We are thinking on concepts for something quite similar over here. However, I think it’s fair to say that such queries can be considered a very challenging task for any NoSQL-DB.

Cheers from Germany, Manuel

Thanks for your response. To answer your questions

What kind of throughput on user attribute changes are you looking for? What throughput on queries?

Let me put it simply. The user makes this query and expects to see a number back (the segment size based on his query). I can give it 2-4 seconds and would need to be able to respond back. A large client would have 4-5 million profiles and each with 15 attributes (but in extreme cases can be 40). The overall pool of user profiles will be 200-300 million.

What is your memory budget for this a.k.a can you afford the secondary indices (40-64 bytes per value)?

Yes-ish. If it’s the last resort we can consider it.

What’s the selectivity of queries? And for multiple filters: can you find 1 filter that reducing result set by far?

Yes - the client id (reduces the size from 200 mil to 3-4 mil as explained above)
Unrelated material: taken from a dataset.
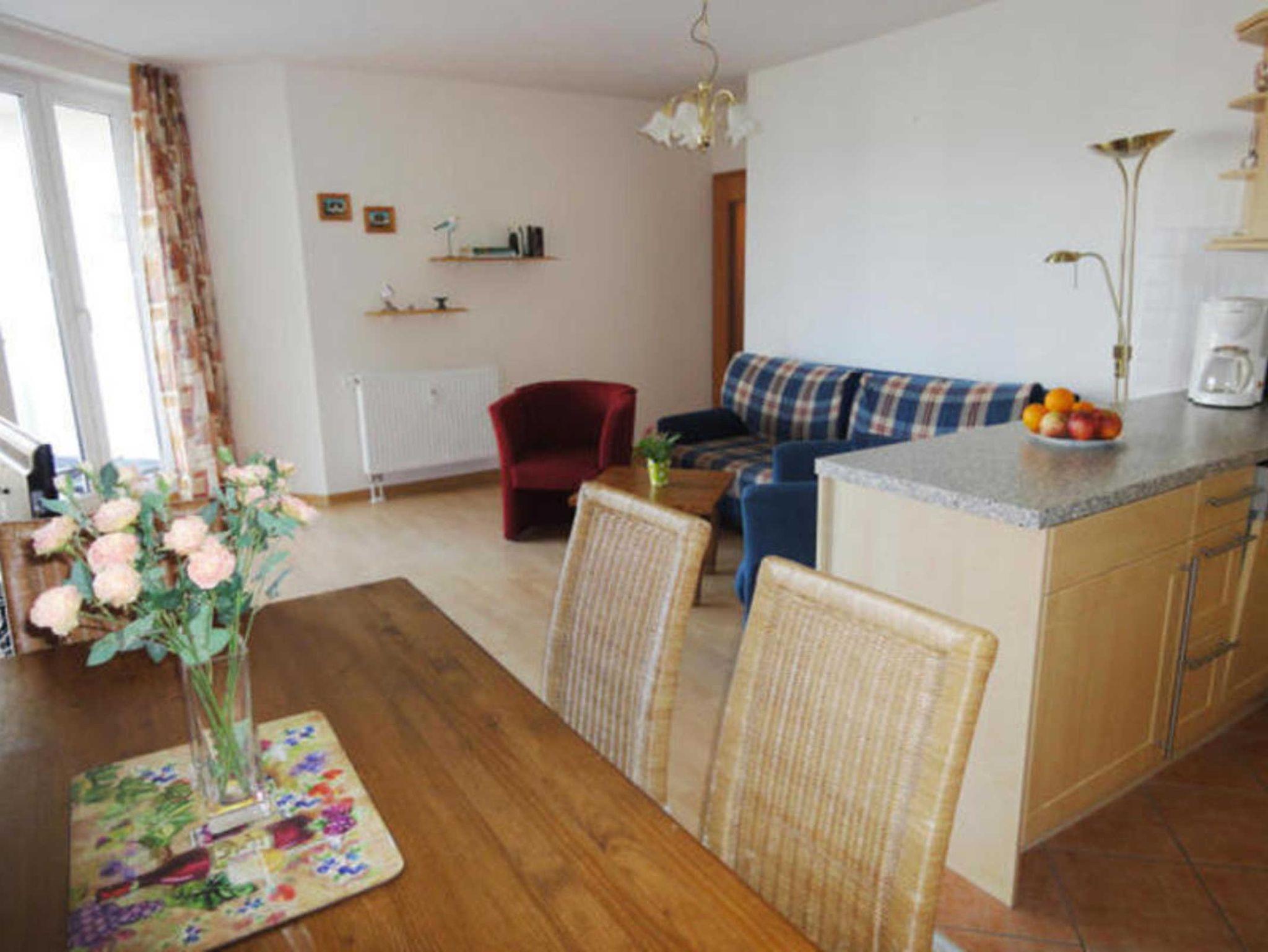 Die Ferienwohnung verfügt über ein Wohnzimmer mit zwei Couchen und einem Fernseher, eine Küchenzeile mit Backofen, Geschirrspüler und Kühlschrank, ein Schlafzimmer (mit Doppelbett und Kleiderschrank) sowie ein Bad mit Dusche und WC.

What latency requirements do you have (offline/online)? Is the output cacheable? If so, can you pre-compute?

No pre-computing unfortunately cause the queries are unknown. We dont have to answer with consistent data right this millisecond but this doesnt help given we cannot pre-compute.

Could you spend development resources on application-logic to implement it (higher efficiency)

Sure.

Do you need sorting or grouping features.

No - Not needed.

Thank you!

Your requirements seem to be quite relaxed.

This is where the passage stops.